Stuff is slipping.  I need a big ‘make up’ day.

I did get a great score at the grocery last night.  HUGE discounts on sirloin and ham.  I piled it up in the cart.  That is one issue with using Instacart or a curbside service- you miss some special deals.


I’ve got nothing more to say about any of the political situation or financial situation.   It feels like the calm before the storm to me.  Bad things headed this way.

Keep stacking.

 

nick

79 Comments and discussion on "Tues. Feb. 2, 2021 – still busy. Trying to live my best life!"

  1. Nick Flandrey says:

    40F and I woke up thinking about GDP and destruction of value, and the Kardassians. I’m turning into John Wilder! Argggggg!

    n

  2. Ray Thompson says:

    User interfaces are a pet peeve of mine. I could write a book about the dumb things I’ve seen and the problems created as a result. I suspect many people here could do the same.

    When I was working at a large commercial bank the bank was using software from a vendor. We had custom changes but the interface on the teller terminals was the vendor’s code. One day I was fixing a problem on a system and decided to sit behind the teller line for a couple of hours to watch. I was not at all happy with what I sw.

    If someone came into make a withdrawal the tell had to pad the account number with several leading zeros. The amount that was entered had to be in an exact format, n.nn. No commas allowed, no trailing spaces [nn.nn ] would trip an error when the the screen was submitted. Very tight formatting for everything.

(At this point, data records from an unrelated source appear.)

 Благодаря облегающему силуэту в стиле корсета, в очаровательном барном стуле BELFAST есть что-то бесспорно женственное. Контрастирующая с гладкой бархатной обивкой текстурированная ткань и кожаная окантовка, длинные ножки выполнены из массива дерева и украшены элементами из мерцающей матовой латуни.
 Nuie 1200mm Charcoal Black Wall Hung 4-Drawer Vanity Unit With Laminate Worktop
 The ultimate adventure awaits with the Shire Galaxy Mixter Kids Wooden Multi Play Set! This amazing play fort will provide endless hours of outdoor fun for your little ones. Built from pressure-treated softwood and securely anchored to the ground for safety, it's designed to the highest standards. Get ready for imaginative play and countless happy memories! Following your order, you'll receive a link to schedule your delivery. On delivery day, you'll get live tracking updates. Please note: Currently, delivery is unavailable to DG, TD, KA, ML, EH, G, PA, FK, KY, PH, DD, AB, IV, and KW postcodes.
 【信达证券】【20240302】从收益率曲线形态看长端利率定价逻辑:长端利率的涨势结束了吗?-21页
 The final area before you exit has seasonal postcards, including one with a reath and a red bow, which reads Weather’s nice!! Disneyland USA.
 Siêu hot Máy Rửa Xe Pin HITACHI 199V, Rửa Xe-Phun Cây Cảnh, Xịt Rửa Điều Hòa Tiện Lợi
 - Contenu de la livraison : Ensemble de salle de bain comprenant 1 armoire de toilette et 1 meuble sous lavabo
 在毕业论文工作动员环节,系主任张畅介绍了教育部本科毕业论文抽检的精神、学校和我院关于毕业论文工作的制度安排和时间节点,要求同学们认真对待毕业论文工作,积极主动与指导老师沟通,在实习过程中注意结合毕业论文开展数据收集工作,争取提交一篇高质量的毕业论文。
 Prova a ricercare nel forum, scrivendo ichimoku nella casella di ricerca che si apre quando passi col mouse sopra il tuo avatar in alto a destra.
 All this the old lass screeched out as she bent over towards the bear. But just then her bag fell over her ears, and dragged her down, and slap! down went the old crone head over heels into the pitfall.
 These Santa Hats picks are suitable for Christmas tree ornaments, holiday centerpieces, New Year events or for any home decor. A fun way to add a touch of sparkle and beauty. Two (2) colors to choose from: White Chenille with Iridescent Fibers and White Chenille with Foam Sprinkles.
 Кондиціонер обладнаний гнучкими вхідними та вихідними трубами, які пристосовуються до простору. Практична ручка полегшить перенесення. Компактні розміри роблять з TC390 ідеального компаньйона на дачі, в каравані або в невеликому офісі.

    So I took a week at my own initiative (I was generally self guided in my tasks) and wrote some front end code (in COBOL, as that was the vendor’s language). My code would allow any format. Leading zeros or not, decimal point optional, sign optional, commas optional, left or right justification, did not matter. The could would produce several attributes about a number field and several properly formatted fields and the proper field passed back to the original vendor code.

    When I implemented the code the tellers were astounded. When I told them about the loss of the rigid requirements for numbers they were at first confused. I told the tellers to enter the number as they wanted, what made sense to them and was reasonable (backwards was unreasonable, yes someone asked).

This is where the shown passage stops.